David Hockney: Brimming With Talent But Such A Miserable Git

David Hockney

I would love to say I’ve met David Hockney: I admire him enormously as a draughtsman, especially innumerable portraits capturing likeness with minimum effort and brush-stroke. He just can, and does, execute perfectly first time, which is an extremely rare gift (something Tracey Emin can only dream of). This is why he is worth celebrating, to all the people who say he is only the greatest living British painter by default of being alive still. Surely that title was previously that of Lucian Freud, but then Hockney is a more subtle a painter of greater draughtsman capabilities: Freud was all about texture and tone rather than accurate rendering. It is a long overdue retrospective that we’re really looking forward to at the Tate.

I went to the same school as Hockney in Bradford, and share a mutual friend who is also an artist: though every time an introduction was to be made, it depended entirely on Hockney’s mood which was volatile to say the least. So it never happened, but then maybe he would have whinged about the anti-smoking laws that were due to come into force (around 2007-ish). He really is a miserable git, from all I can tell from other media appearances. But then one is allowed to be, there’s nothing wrong with this. One of his earliest paintings remains at the school, completed while Hockney was in his early teens: it is a row of ties painted on paper, hung with absolutely no security inside the school. Up in Yorkshire-land it seems people are less fussed about arty-farty shite, as no one seemed remotely excited about this early Hockney gracing their eyes each day. I remember standing outside Salts Mill in Saltaire – itself a permanent Yorkshire gallery full of Hockneys – and hearing a young woman stating loudly “Who’s this David Hockney?!”. I think Hockney himself still embodies a grizzled Yorkshire not giving a shit attitude. But I digress: the temptation to pinch the ties – probably worth stupid money now – was sometimes overwhelming.

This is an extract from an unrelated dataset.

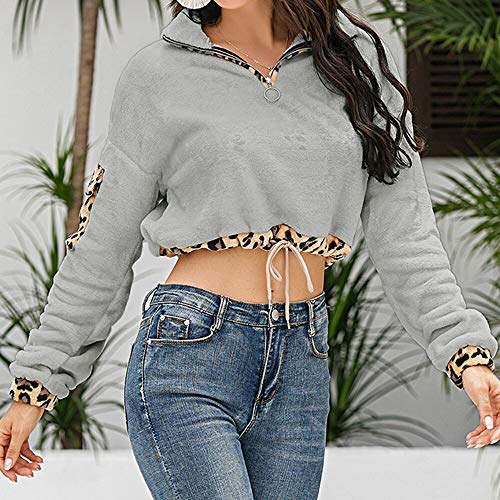 Sweatshirt, Damen, Kapuzen-Sweatshirt, Leopardenmuster, Langarm, Top, kurze Kordel, Sweatshirt, lässig, Streetwear, Asiangröße, Schwarz

It seems someone so talented as Hockney must eventually have gotten bored – hence his forays into iPad art which itself killed everything that he was so good at: accuracy of composition and rendering. They are embarrassingly clumsy, which just goes to show that someone with less talent would probably make iPad art which looks like regurgitated spaghetti. Also his large trees at the Royal Academy which filled an entire wall at the Summer Show a couple of years back was lazy in the extreme. But he has done fascinating work such as investigation into the use of camera obscura in early Renaissance Flemish work, notably the Arnolfini portrait. I’m hoping the retrospective does his amazingly skilled hand justice.